[TRY IT]:
Could you transcribe exactly the lines below, from the line with "Díky použití kvalitních" through the line with "Create registry keys", and nothing else, leaving out the pictures?

[TASK INPUT]:

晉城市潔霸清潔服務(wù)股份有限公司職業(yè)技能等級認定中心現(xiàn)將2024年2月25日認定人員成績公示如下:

* * *

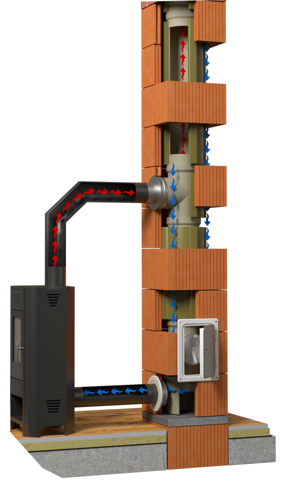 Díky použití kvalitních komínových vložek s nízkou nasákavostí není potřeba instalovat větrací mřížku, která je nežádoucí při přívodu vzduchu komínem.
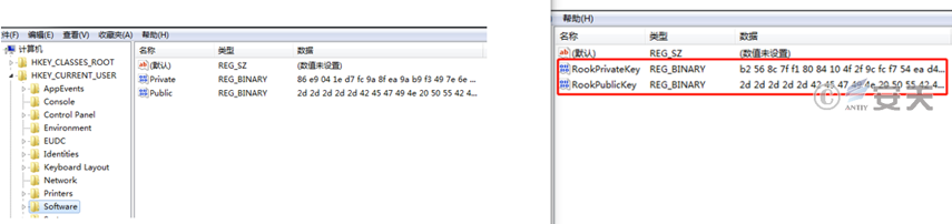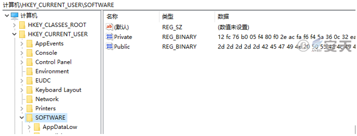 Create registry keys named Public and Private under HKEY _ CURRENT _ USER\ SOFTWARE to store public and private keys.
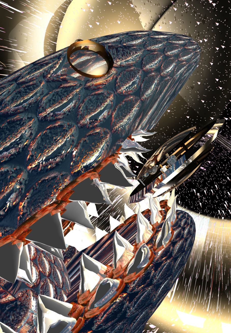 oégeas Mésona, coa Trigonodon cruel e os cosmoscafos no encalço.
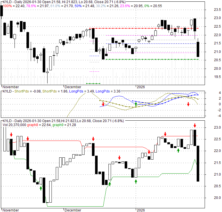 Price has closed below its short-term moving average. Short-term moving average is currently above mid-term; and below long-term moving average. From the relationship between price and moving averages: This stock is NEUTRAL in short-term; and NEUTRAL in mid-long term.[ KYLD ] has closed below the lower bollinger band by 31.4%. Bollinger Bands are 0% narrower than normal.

==

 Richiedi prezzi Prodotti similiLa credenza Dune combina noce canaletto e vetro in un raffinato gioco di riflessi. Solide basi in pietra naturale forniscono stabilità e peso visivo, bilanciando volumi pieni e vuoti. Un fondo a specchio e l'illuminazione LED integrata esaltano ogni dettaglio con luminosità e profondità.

[ANSWER BELOW]:
 Díky použití kvalitních komínových vložek s nízkou nasákavostí není potřeba instalovat větrací mřížku, která je nežádoucí při přívodu vzduchu komínem.
 Create registry keys named Public and Private under HKEY _ CURRENT _ USER\ SOFTWARE to store public and private keys.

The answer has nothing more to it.